### What to work on
Print nothing beyond the line with "注:最終成交的采礦區(qū)": every line from the beginning of the data up to it, that line included, and no pictures.

### Records provided
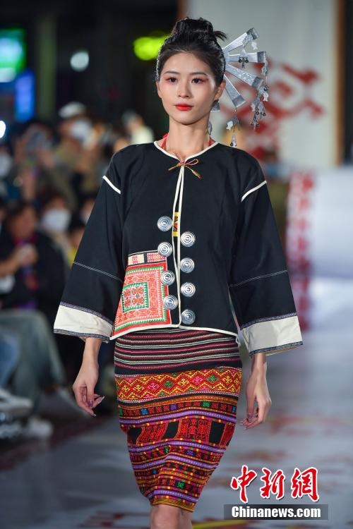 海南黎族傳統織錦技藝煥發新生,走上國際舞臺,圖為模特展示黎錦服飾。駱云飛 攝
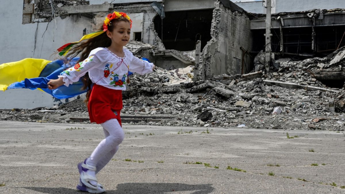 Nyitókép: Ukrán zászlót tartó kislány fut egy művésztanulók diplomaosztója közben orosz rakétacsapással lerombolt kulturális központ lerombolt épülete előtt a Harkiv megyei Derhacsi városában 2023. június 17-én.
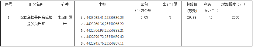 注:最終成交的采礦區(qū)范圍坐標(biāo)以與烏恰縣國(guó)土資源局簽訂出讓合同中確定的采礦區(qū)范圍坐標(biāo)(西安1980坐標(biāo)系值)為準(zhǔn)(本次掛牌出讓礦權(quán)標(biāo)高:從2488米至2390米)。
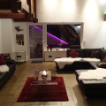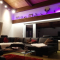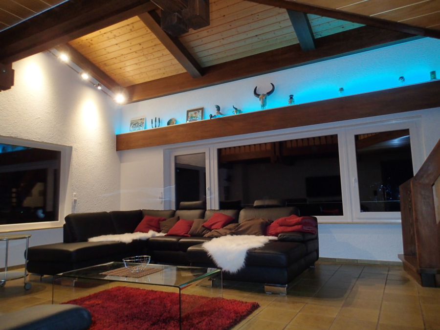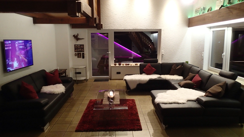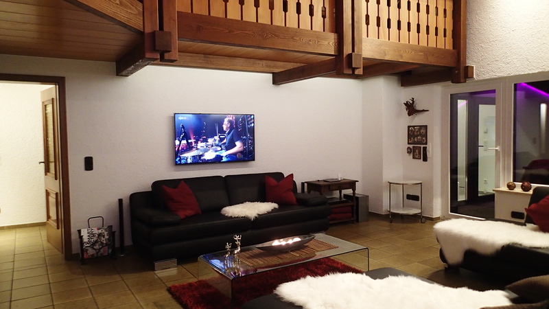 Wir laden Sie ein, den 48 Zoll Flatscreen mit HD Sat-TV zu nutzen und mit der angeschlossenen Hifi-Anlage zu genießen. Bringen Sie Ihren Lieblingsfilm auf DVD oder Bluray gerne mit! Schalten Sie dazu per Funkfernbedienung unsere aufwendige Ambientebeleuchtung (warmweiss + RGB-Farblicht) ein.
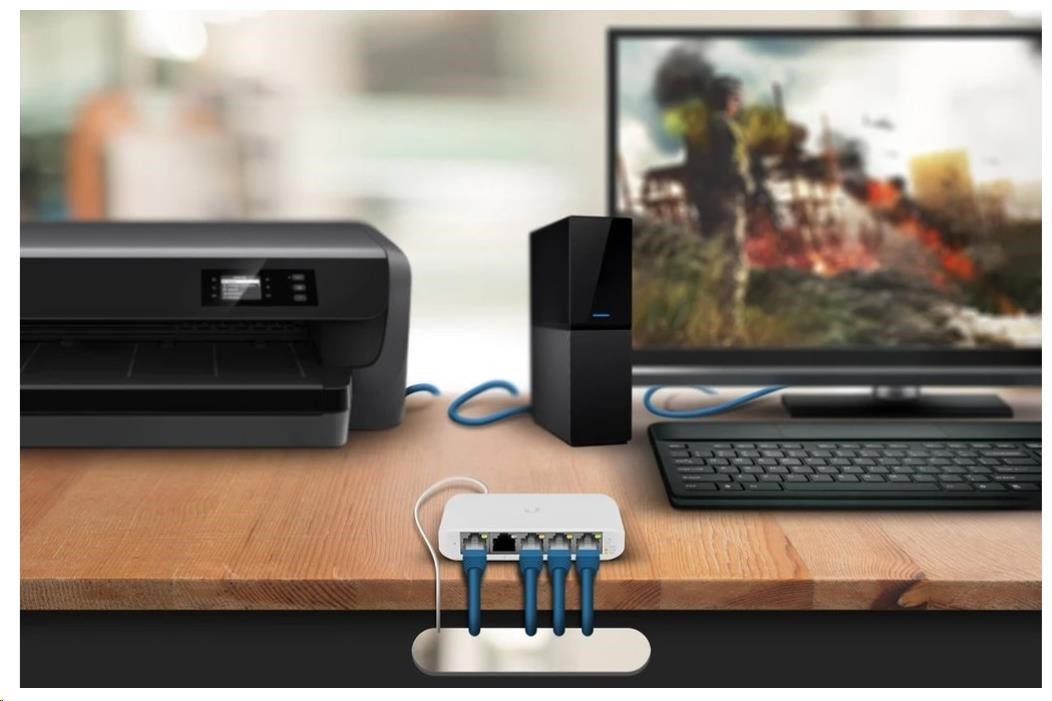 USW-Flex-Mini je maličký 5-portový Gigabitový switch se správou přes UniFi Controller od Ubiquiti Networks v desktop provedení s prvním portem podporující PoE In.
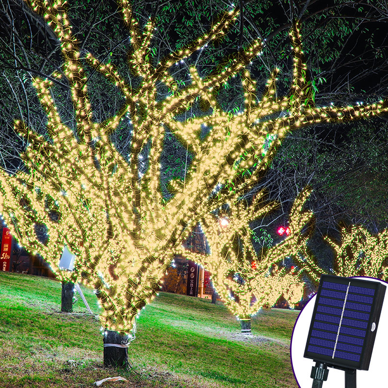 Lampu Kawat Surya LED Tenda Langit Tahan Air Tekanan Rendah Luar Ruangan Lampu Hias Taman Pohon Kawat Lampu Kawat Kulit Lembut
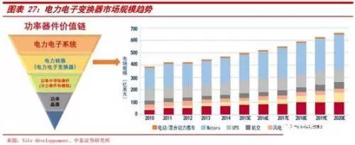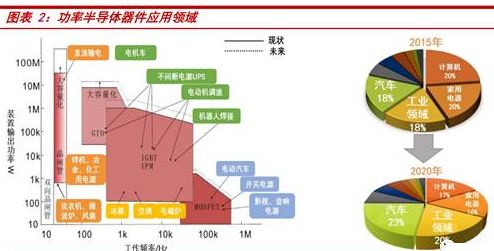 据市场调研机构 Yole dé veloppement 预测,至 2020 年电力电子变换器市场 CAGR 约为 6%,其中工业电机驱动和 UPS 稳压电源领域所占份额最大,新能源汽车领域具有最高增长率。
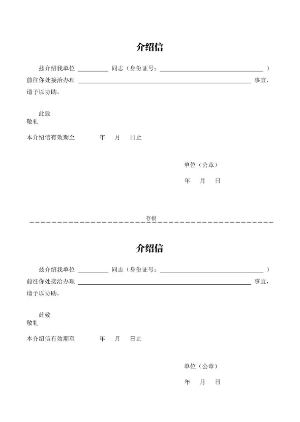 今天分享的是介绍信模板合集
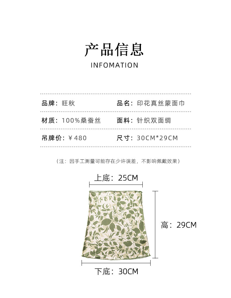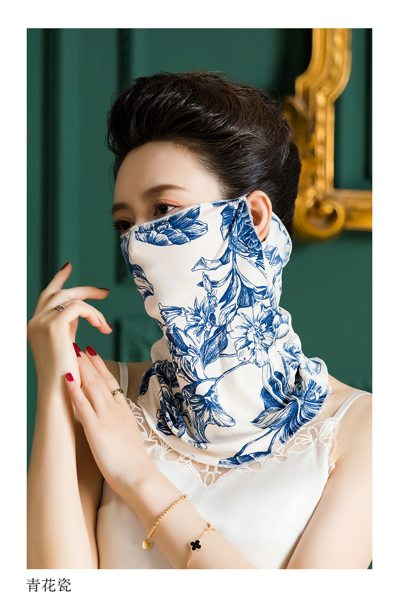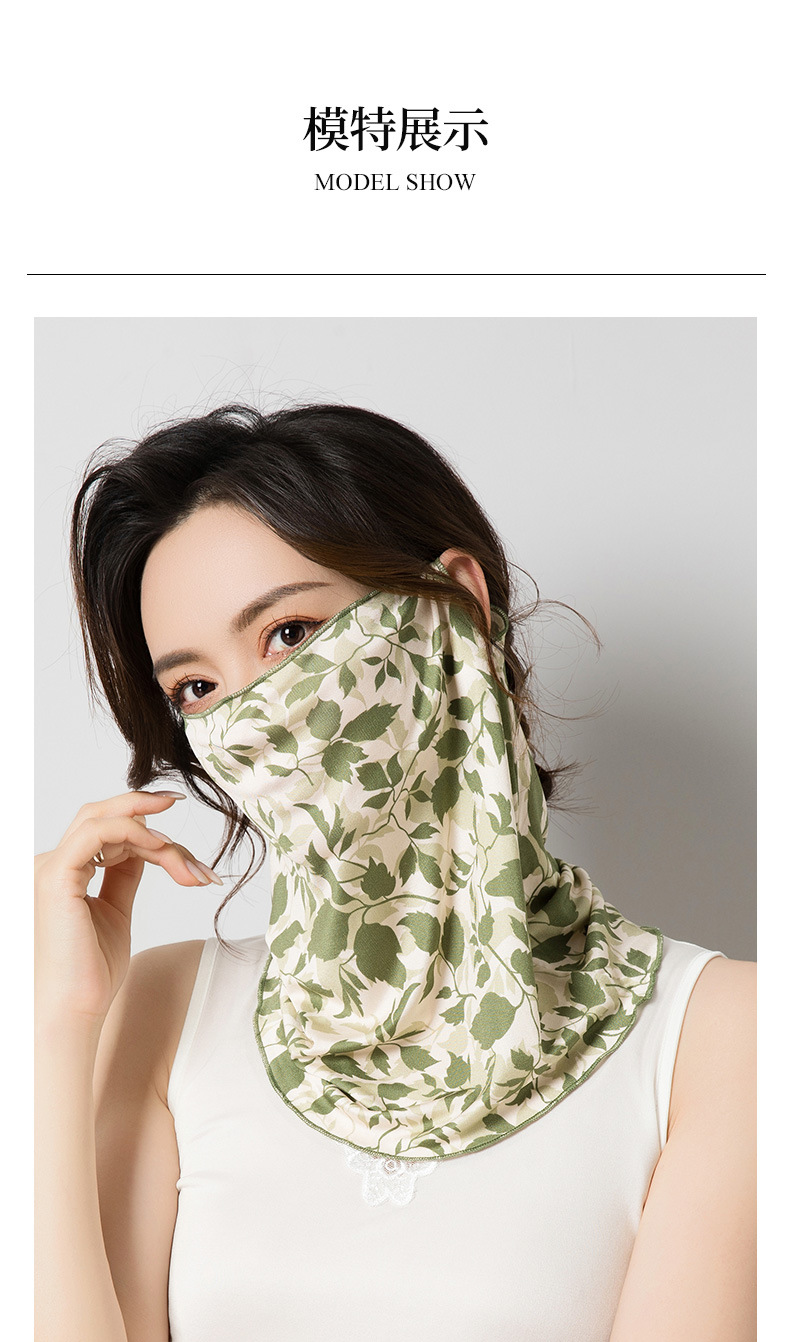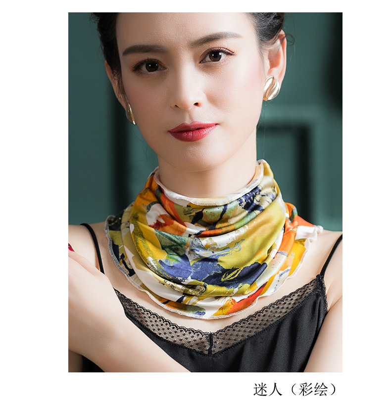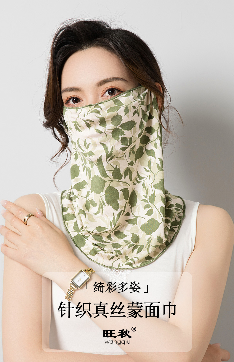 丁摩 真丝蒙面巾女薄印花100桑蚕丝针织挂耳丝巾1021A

### Task answer
 海南黎族傳統織錦技藝煥發新生,走上國際舞臺,圖為模特展示黎錦服飾。駱云飛 攝
 Nyitókép: Ukrán zászlót tartó kislány fut egy művésztanulók diplomaosztója közben orosz rakétacsapással lerombolt kulturális központ lerombolt épülete előtt a Harkiv megyei Derhacsi városában 2023. június 17-én.
 注:最終成交的采礦區(qū)范圍坐標(biāo)以與烏恰縣國(guó)土資源局簽訂出讓合同中確定的采礦區(qū)范圍坐標(biāo)(西安1980坐標(biāo)系值)為準(zhǔn)(本次掛牌出讓礦權(quán)標(biāo)高:從2488米至2390米)。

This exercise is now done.